Several weeks ago we wrote (here) about the complex situation resulting from ConocoPhillips’ decision to exit the North Caspian Operating Company B.V. (NCOC) and its intent to sell stake in the consortium to the Indian company ONGC Videsh Limited (OVL). In the previous article we also mentioned the possible reactions of the Kazakh government, which was considering blocking the deal and purchasing ConocoPhillips shares only to resell them to a Chinese state-owned enterprise. On July 2 the Ministry of Oil and Gas announced on its official website that state-owned KazMunayGas JSC (KMG) would purchase ConocoPhillips shares in the consortium on behalf of the Republic of Kazakhstan. On the same day on the sidelines of energy summit in Moscow, Lyazzat Kiinov, KMG’s head at that time, was reported saying that China National Petroleum Corporation (CNPC) would pay more than US$5 billion for the shares (US$5 billion was the amount agreed between ConocoPhillips and OVL). Replacements and demotions in the Ministry of Oil and Gas and state-owned companies followed the government’s decision and Kazakh media were flooded with speculation about the possible terms under which the government had agreed to resell shares to a Chinese company.
In the previous article we also noted the importance of the upcoming launch of oil production in Kashagan.
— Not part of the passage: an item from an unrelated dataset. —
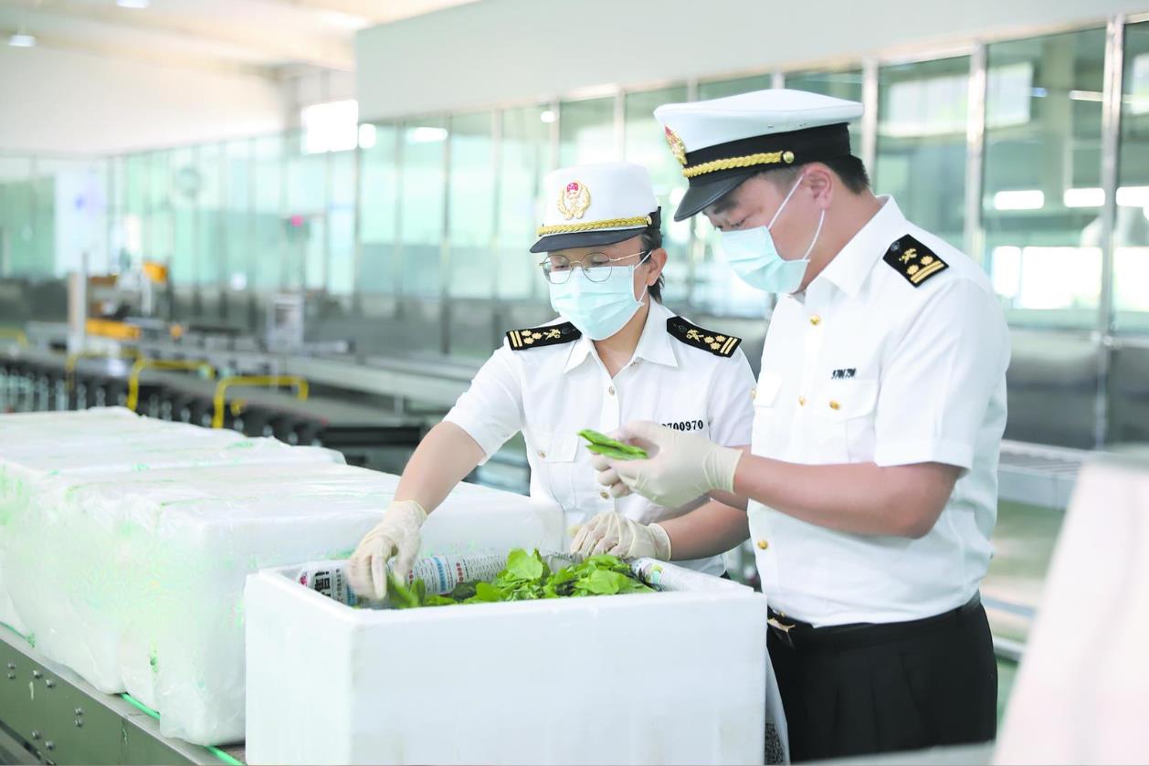 8月12日,來自西寧市大通回族土族自治縣一家供港澳蔬菜備案基地的150公斤高品質豆苗,經過西寧海關工作人員的檢驗檢疫后,通過“空運+汽運”的方式運到澳門,這是繼高原冷涼蔬菜常態化供應香港后,首次進入澳門市場。

In its latest July report BNP Paribas emphasizes that oil export from Kashagan will be the key factor driving the economic growth rate (4.6 percent in the first quarter and 3.9 percent in the first five months of this year while projected growth for 2013 was 5 percent) and export rate (7 percent decline in the first quarter yoy while imports rose 7 percent) in Kazakhstan.
The announcement of the government’s purchase of shares coincided with a major reshuffle of top positions within the ministry and firms held by KMG. On July 3 Lyazzat Kiinov was removed from his position as Chairman of the KMG Management Board, and on July 10, from his position as Chairman of the Board of Directors of KMG EP too. Moreover, on July 3 Sauat Mynbayev was also removed from the post of Minister of Oil and Gas. These dismissals may not necessarily be punishment for mismanagement of the Kashagan project, as suggested by Kazakh political scientist Dosym Satpayev quoted by Reuters, but could result from the necessity to adjust to the new situation arising if the Chinese company did indeed join the consortium.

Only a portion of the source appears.